Can this comment be made more precise, I don't think what's described is what's being tested?

llvm/test/CodeGen/Generic/callbr-critical-edge-splitting.ll
21 ↗(On Diff #316193)

(I'm surprised we can refer to values in the IR before they've been assigned to).

This revision is now accepted and ready to land.Jan 12 2021, 1:40 PM
MaskRay requested changes to this revision.Jan 12 2021, 1:44 PM

The test should be added in test/Transforms/PGOProfile/, see D87435

The error isn't in opt but in llc though. In fact, I don't think it's specific to PGO, but only triggered by it.

Then it should be in llvm/test/Transforms/LoopStrengthReduce/

This revision now requires changes to proceed.Jan 12 2021, 1:44 PM
MaskRay added inline comments.Jan 12 2021, 1:46 PM
llvm/test/CodeGen/Generic/callbr-critical-edge-splitting.ll
1 ↗(On Diff #316193)

Can you write a opt -passes='loop(loop-reduce)' test?

Checking a command returns 0 is not a useful test. Checking some desired instructions makes the test not only useful for one particular regression, but also useful for some other scenarios.

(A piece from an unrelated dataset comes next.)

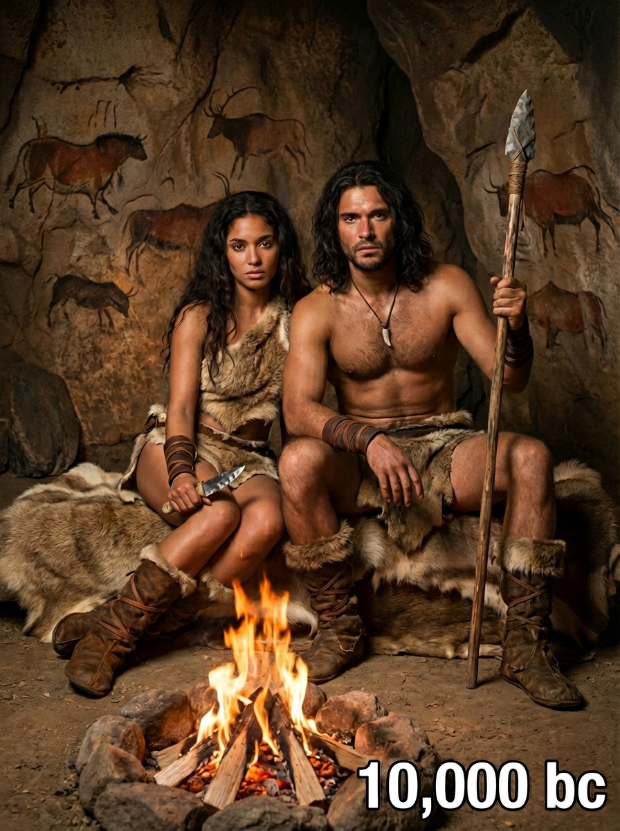 Prehistoric couple from 10,000 BC in primitive clothing - fur loincloth, leather wrappings, primitive weapons, sitting together around a campfire in a cave setting with rock paintings, text overlay in bottom corner reading "10,000 BC" in white sans serif font with black outline

void added a comment.Jan 12 2021, 2:00 PM

The test should be added in test/Transforms/PGOProfile/, see D87435

The error isn't in opt but in llc though. In fact, I don't think it's specific to PGO, but only triggered by it.

Then it should be in llvm/test/Transforms/LoopStrengthReduce/

This is a code-gen bug. I'm not sure how else to put this. If I run it through opt, it doesn't reproduce.

void added inline comments.Jan 12 2021, 2:03 PM
llvm/lib/Transforms/Scalar/LoopStrengthReduce.cpp
5594–5595

It's pretty accurate as is. :) I'm not sure how else to word it.

llvm/test/CodeGen/Generic/callbr-critical-edge-splitting.ll
1 ↗(On Diff #316193)

It replicates only with llc, not with opt.

21 ↗(On Diff #316193)

Might be some PHI node weirdness.

MaskRay added inline comments.Jan 12 2021, 2:08 PM
llvm/lib/Transforms/Scalar/LoopStrengthReduce.cpp
5594–5595

The change only affects llvm/lib/Transforms/Scalar/LoopStrengthReduce.cpp, not any codegen part, so I hope this can be tested with opt. Usually this should check the produced instructions.

If the resulting IR is correct but codegen somehow crashes, then it is probably a codegen bug which should be separately fixed. If the output IR is actually incorrect, then the IR verifier should be fixed instead.

Anyway I think the test should be added in an appropriate place and if this uncovers other issues those other issues should be reported as well.

llvm/lib/Transforms/Scalar/LoopStrengthReduce.cpp
5594–5595

Ah, yes sorry, I was looking at the first phi thinking WTF; didn't notice the second phi until just now.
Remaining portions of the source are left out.